The AEQUALIS Shoulder System is intended to treat conditions such as extensive soft tissue damage to the gleno-humeral joint, osteoarthritis, rheumatoid otheritis, traumatic arthritis, and osteonecrosis following severe trauma to the joint. The usual goal of such surgery is to restore the shoulder joint to its best working condition and to reduce or eliminate pain. The SEQUALIS Shoulder System is intended to accomplish these goals. With the AEQUALIS Shoulder System the natural glenoid elements of the shoulder may be conserved or replaced as warranted by the state of disease of injury. Through the AEQUALIS Shoulder System is primarily intended for use as a cemented total shoulder replacement system, it is equally useful as a hemi-shoulder. The modular nature of this system allows for the later conversion of a primary hemi-arthroplasty to a total shoulder replacement. The present Device Modification submission corresponds to the addition of 3 long humeral stems to 3 Inc pressite 2010 stem/neck angle, with the same indications for use already covered by the previous 510(k) clearance.
This is an orthopedic device submission, not an AI/ML device. Therefore, the requested information regarding acceptance criteria and study design for AI/ML performance is not applicable and cannot be extracted from the provided text.

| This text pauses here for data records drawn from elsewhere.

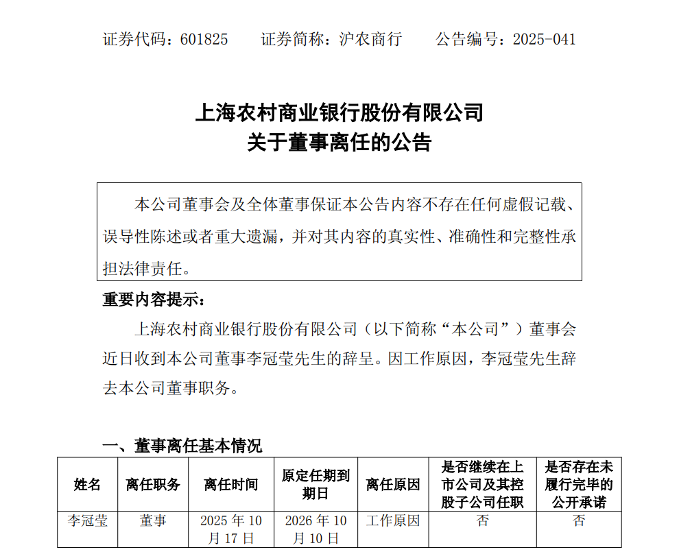 10月20日晚,上海农商行发布公告,李冠莹因工作原因,辞去该行董事职务,离任时间为10月17日,而原定任期至2026年10月10日,离任时间较原定任期将近提前一年。
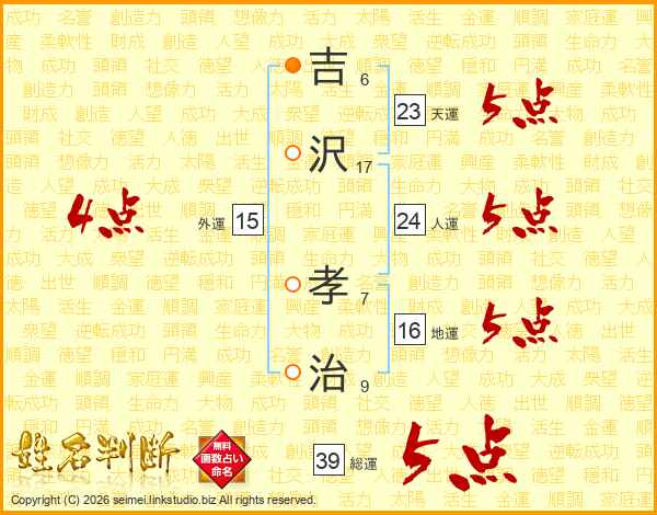 吉沢孝治さんの総運は39画の5点!
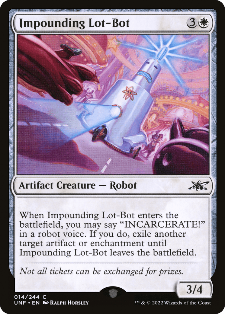 When this creature enters, you may say “INCARCERATE!” in a robot voice. If you do, exile another target artifact or enchantment until this creature leaves the battlefield.
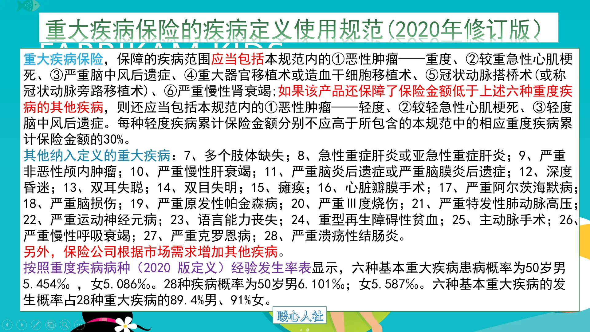 然后说一下重疾险。重疾险,指的是重大疾病保险。按照国家2020年修订的《重大疾病保险疾病定义使用规范》,重大疾病保险主要应当包括:重度恶性肿瘤、较重急性心肌梗死、严重脑中风后遗症、重大器官移植术或造血干细胞移植术、冠状动脉搭桥术、严重慢性肾衰竭,另外还应当包括三种轻症。另外,还有其他纳入定义的21种重大疾病。

The document describes the AEQUALIS Shoulder System, a total-shoulder and hemi-shoulder system, and a modification adding three long humeral stems. The submission is a Special 510(k) for device modification, indicating a comparison to a legally marketed predicate device (AEQUALIS Shoulder system, K952928, and Select Shoulder CoCr Humeral stem, K962315) to establish substantial equivalence.
The "study that proves the device meets the acceptance criteria" in this context refers to demonstrating substantial equivalence to a predicate device, typically through documentation of design specifications, materials, manufacturing processes, and sometimes bench testing or biocompatibility testing, rather than performance metrics of an AI algorithm.
Therefore, the table for acceptance criteria and device performance, and all subsequent points related to AI/ML study design, cannot be created or answered from this document.